We will begin with the fundamentals of virtualization, then explore the role of hypervisors, focusing on the hosted hypervisor category. Finally, we'll unpack VirtualBox itself, examining its features, architecture, and real world applications.
The World of Virtualization and VMs
Virtualization is a sophisticated abstraction technique that decouples software execution environments from the physical hardware. It’s used in the creation of a virtual versions of physical objects, like servers, operating systems, storage devices, or network resources. It involves creating a logical layer of abstraction that enables the execution of multiple, isolated execution contexts over a single physical platform. At the lowest level, virtualization leverages hardware assistance (e.g., Intel VT-x, AMD-V) to map sensitive instructions and state transitions into controlled environments, managing privilege levels and secure resource partitioning. The abstraction operates at various levels to ensure that each virtual instance perceives access to a fully operational hardware stack, while, in reality, the hypervisor multiplexes underlying physical resources.
Virtual Machines (VMs) are concrete instantiations of this abstraction. They emulate an entire hardware platform, from processor state and memory hierarchy to peripheral devices, thus delivering a complete environment for running guest operating systems. At the architectural level, a VM encapsulates:
Virtual CPU (vCPU): A carefully scheduled subset of physical CPU resources, often with support for hardware assisted isolation through constructs such as Virtual Machine Control Structures (VMCS) on Intel and Virtual Machine Save Areas (VMSA) on AMD.
Virtual Memory: A layered mapping mechanism that translates guest virtual addresses to guest physical addresses and subsequently to host physical addresses via techniques like shadow paging or extended page tables (EPT/NPT), ensuring both isolation and performance.
Virtualized I/O: An emulated or paravirtualized interface that provides guest operating systems with device drivers, replicating functionalities of standard peripherals while abstracting direct physical device access.
VMs provide strong isolation by maintaining stringent boundaries between the guest's software state and the hypervisor’s control environment.

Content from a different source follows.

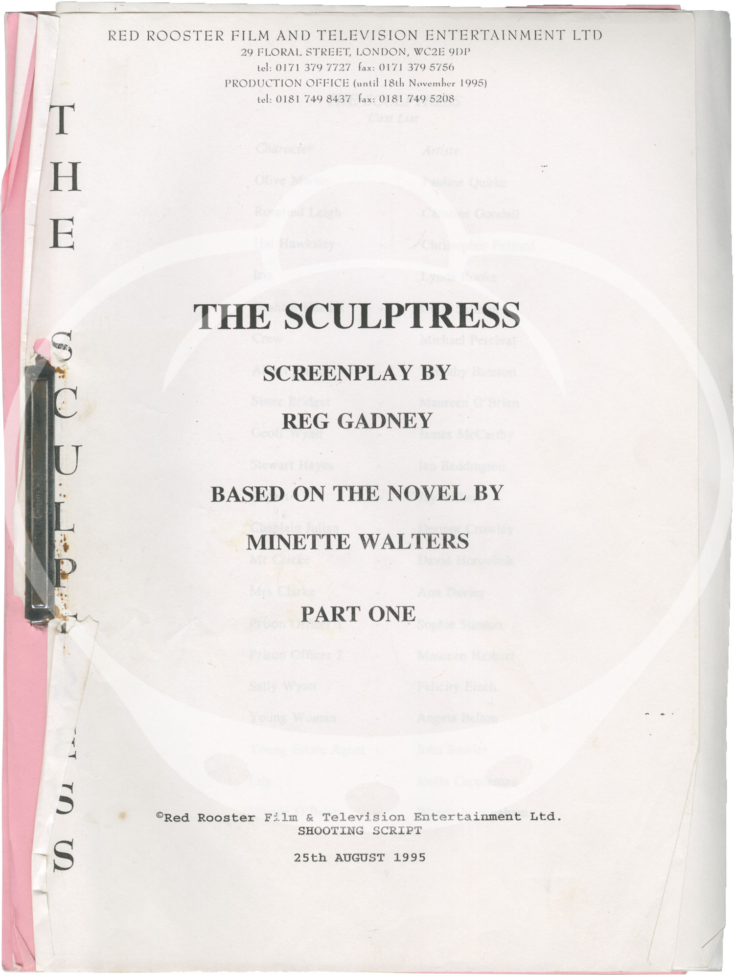 White titled self wrappers, noted as SHOOTING SCRIPT on the front wrapper, dated 31st AUGUST 1995, with credits for screenwriter Reg Gadney and novelist Minette Walters. 65 leaves, with last page of text numbered 56. Xerographic duplication, rectos only, with pink and blue revision pages throughout, dated variously between 13.9.95 and 28.9.95. Pages Very Good plus, wrapper Very Good plus, with rusting and creasing to the binding, with silver prong binding.

Furthermore, they require intricate mechanisms to manage state transitions, interrupts, and exception handling in a manner that is both transparent to the guest OS and efficient for the hypervisor.

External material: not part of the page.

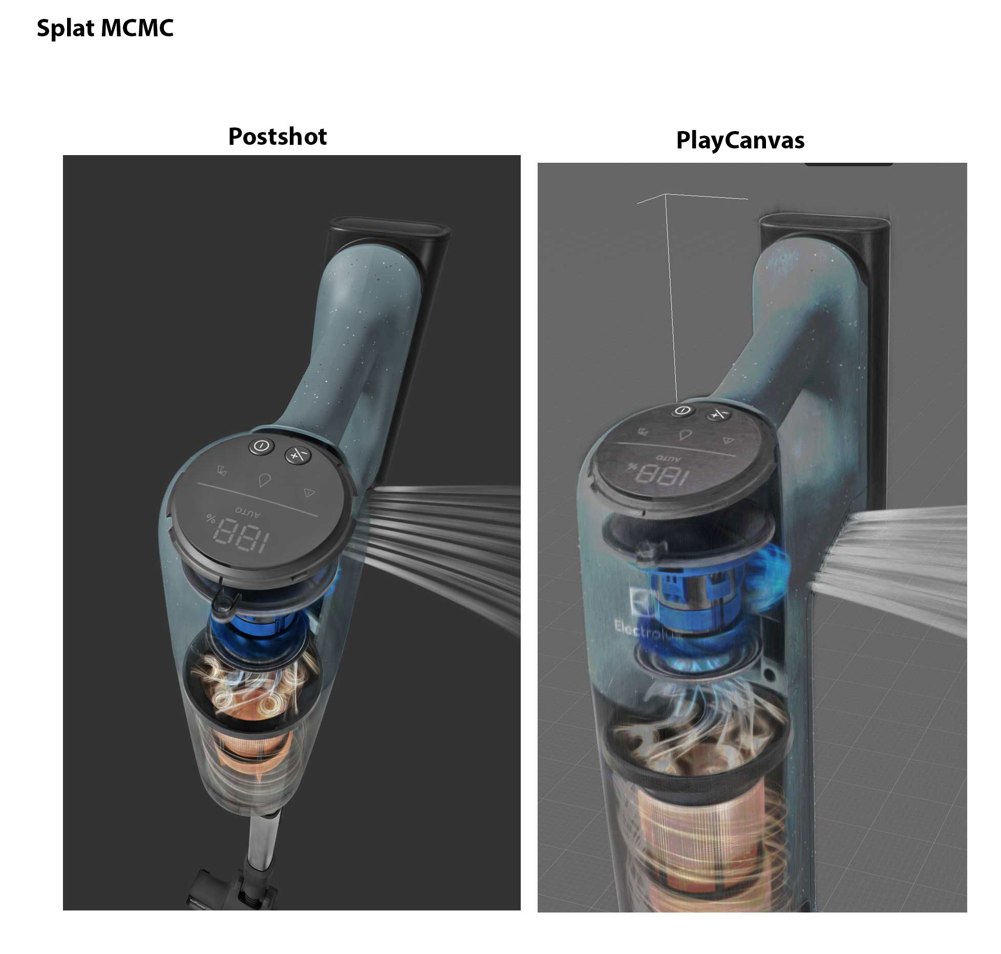 The problem is that the gaussian splatting models trained with MCMC method do not look nice in the PlayCanvas or the SuperSplat editor. It looks like the Spherical Harmonics is missing, reflections are gone and the colors are a bit off.

Hypervisors: The Backbone of Virtualization
At the heart of virtualization lies the hypervisor, often referred to as virtual machine monitors (VMMs), a software layer that manages and allocates resources to virtual machines (VMs). Hypervisors act as the intermediary between the VMs and the underlying physical hardware.
Two Types of Hypervisors
Type 1 (Bare Metal Hypervisors)
These hypervisors run directly on the host's hardware, providing direct access to system resources. These hypervisors maintain a microkernel like architecture, relying on minimal trusted computing bases to reduce attack surfaces and improve performance. Examples include VMware ESXi and Microsoft Hyper-V. They offer superior performance and are typically used in enterprise level virtualization deployments.
Type 2 (Hosted Hypervisors)
These hypervisors run on top of an existing operating system, like Windows, macOS, or Linux. They abstract physical hardware resources via OS provided APIs, which typically introduces additional layers and overhead but gives them greater ease of use and flexibility, making them ideal for individual users and development environments. Examples include VirtualBox, VMware Workstation, and Parallels Desktop.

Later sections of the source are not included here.